European Organization for Research and Treatment of Cancer (EORTC) 22863 reported the 10-year results for treating high-risk prostate cancer in patients with a median age of 70 years, using radical radiotherapy with or without 3 years of concomitant and adjuvant ADT. The study demonstrated clinical disease-free survival rates of 47.7% versus 22.7% in favor of the combination therapy [24]. The 10-year overall survival rates were 58.1% in the combination group and 39.8% with just radiotherapy. The 10-year prostate-cancer-specific mortality rates were 30.4% and 10.3%, respectively.

The addition of radiotherapy to indefinite ADT has also been assessed in high-risk prostate cancer. Ten-year data for the Scandinavian Prostate Cancer Group Study 7/Swedish Association for Urological Oncology 3 (SPCG-7/SFUO-3) trial showed that the combination treatment significantly reduced overall mortality (29.6% vs. 39.4%) and disease-specific mortality rates (11.9% vs. 23.9%) in patients compared with ADT alone (median age, 66 years) [26]. The Medical Research Council (MRC) PR07 study addressed a similar question in the U.K. population, comparing ADT with ADT plus radiotherapy in 1,205 men with a median age of 70 years. This study again demonstrated a survival benefit for combination treatment, with 7-year overall survival rates of 74% with hormone radiotherapy and 66% with ADT alone [27]. As a result of these findings, the combination of external irradiation with long-term (3-year) ADT is currently recommended for patients with intermediate- and high-risk prostate cancer.

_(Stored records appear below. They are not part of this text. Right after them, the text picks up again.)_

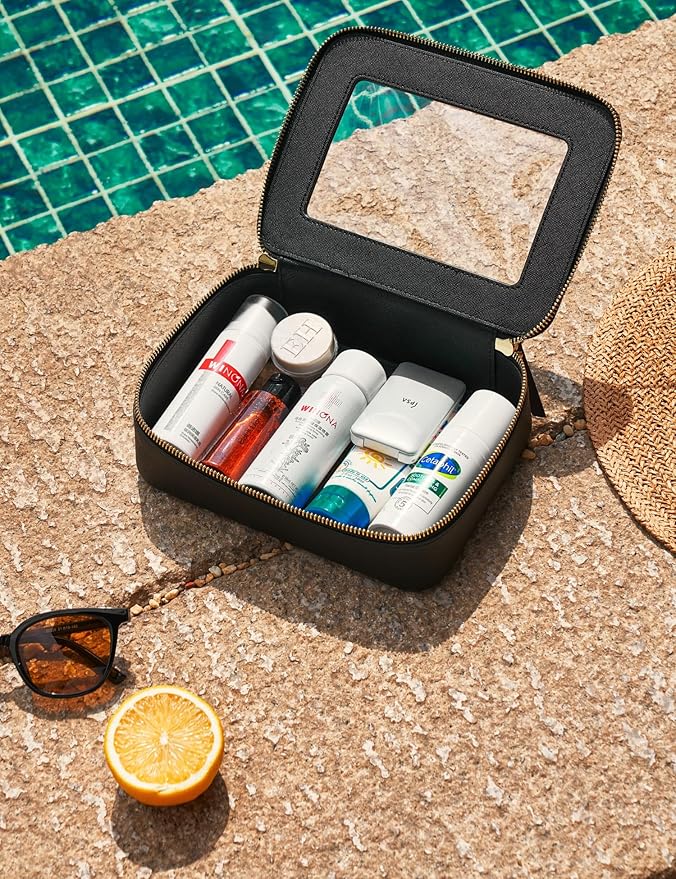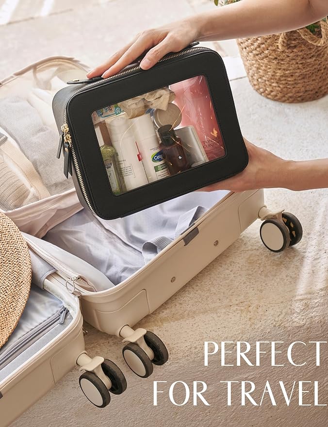 - [Premium Material and Durability] – The clear cosmetic case, both the exterior and interior, is crafted from high-grade saffiano faux leather, which is highly scratch resistant, durable and exceptionally easy to keep clean. It features a smooth zipper for secure closure, and elegant light gold metal hardware accents, adding a luxurious and sophisticated touch to the bag's overall design.
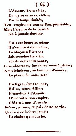 Troppo lungamente i nostri avi Hanno ridotta le Grazie; Il piacere, in questo luogo, Non viene che sulle loro tracce. Costanti nei nostri ardori, Massoni, cosa temere dalle nostre belle? Incateniamole con dei fiori; Esse saranno fedeli.
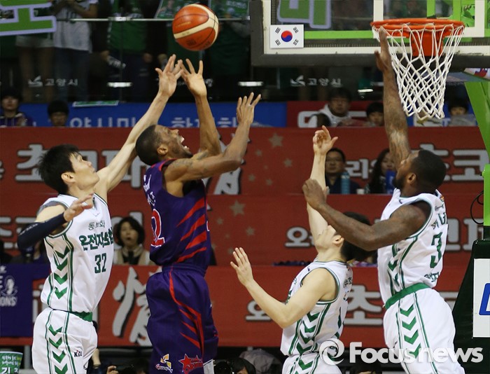 (고양=포커스뉴스) 28일 고양체육관에서 열린 2015-2016 프로농구 오리온-동부 6강 플레이오프 2차전에서 골밑 슛을 시도하는 오리온 애런 헤인즈를 동부 김주성이 뒤에서 블록을 하고 있다.
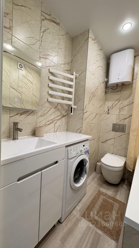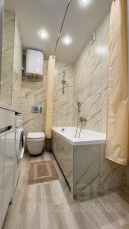 Современная отделка: керамогранит, акриловая ванна, инсталляция, встроенные смесители, водонагреватель.
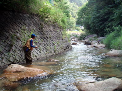 | 盆の入りなんですが行ってしまいました。同行者はルアーマン1人、と餌釣り師2人、山梨県の某渓流、涼しく快適な釣りが 出来ました。だが流石に釣り人が多く釣果は今一でしたが良いアマゴにめぐり会えた。 |
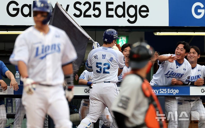 [대구=뉴시스] 이무열 기자 = 25일 대구 수성구 삼성라이온즈파크에서 열린 2025 신한 SOL 뱅크 KBO 리그 한화 이글스와 삼성 라이온즈의 경기, 3회말 무사 주자 없는 상황에서 삼성 박병호가 솔로 홈런을 때린 뒤 더그아웃에 들어서며 동료들과 기뻐하고 있다. 2025.06.25. [email protected]
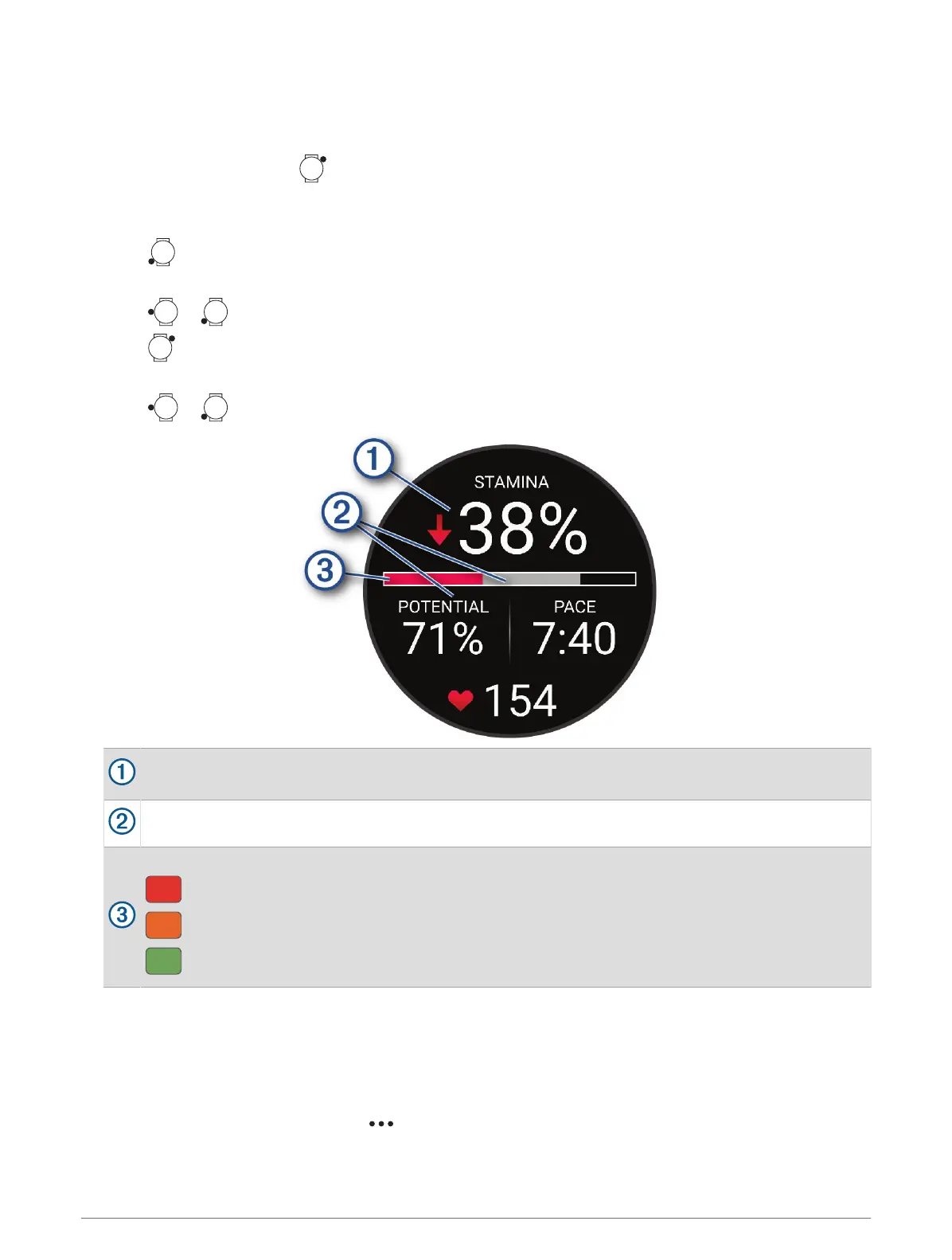 Primary stamina data field. Shows your current stamina percentage, distance remaining, or time

Short-Term and Long-Term ADT

Although several phase III clinical trials have shown that long-term ADT can improve overall survival when added to radiotherapy, long-term ADT is associated with adverse events. These include an increased risk of fracture due to osteoporosis [28], development of diabetes and impaired glucose tolerance [29, 30], thromboembolic events [31], and all-cause mortality, which has been seen in high-risk men with comorbidities such as chronic heart failure and history of myocardial infarction or stroke [3235]. Men aged ≥70 years often have a lower level of circulating androgen and a higher prevalence of cardiovascular risk factors than younger men [36]. Therefore, there is concern that side effects associated with prolonged ADT may counteract the prostate-cancer-specific benefits. However, the risk of cardiovascular mortality has been assessed in the RTOG 85-31, RTOG 92-02, and EORTC 22863 studies of hormone radiotherapy. All studies failed to demonstrate an increase in cardiovascular mortality associated with ADT, with RTOG 85-31 even assessing risk in the subgroup of men ≥70 years [24, 37, 38].

However, data also exists on the efficacy of shorter courses of ADT. The Trans-Tasman Radiation Oncology Group (TROG) 96.01 study reported 10-year results of 3-month and 6-month short-term neoadjuvant ADT (NADT) in combination with radiotherapy in a patient population of 818 men with locally advanced prostate cancer and a median age of 68 years. Compared with radiotherapy alone, 3 months of NADT decreased the cumulative incidence of PSA progression and local progression and improved event-free survival [39]. With 6 months of NADT, these endpoints were further improved. An additional improvement in distant progression, prostate-cancer-specific mortality (including the subgroup ≥70 years), and all-cause mortality was seen compared with radiotherapy alone. These data show that 6 months of NADT can be an alternative treatment option, particularly in men with pre-existing metabolic comorbidities that could be exacerbated with a longer period of ADT.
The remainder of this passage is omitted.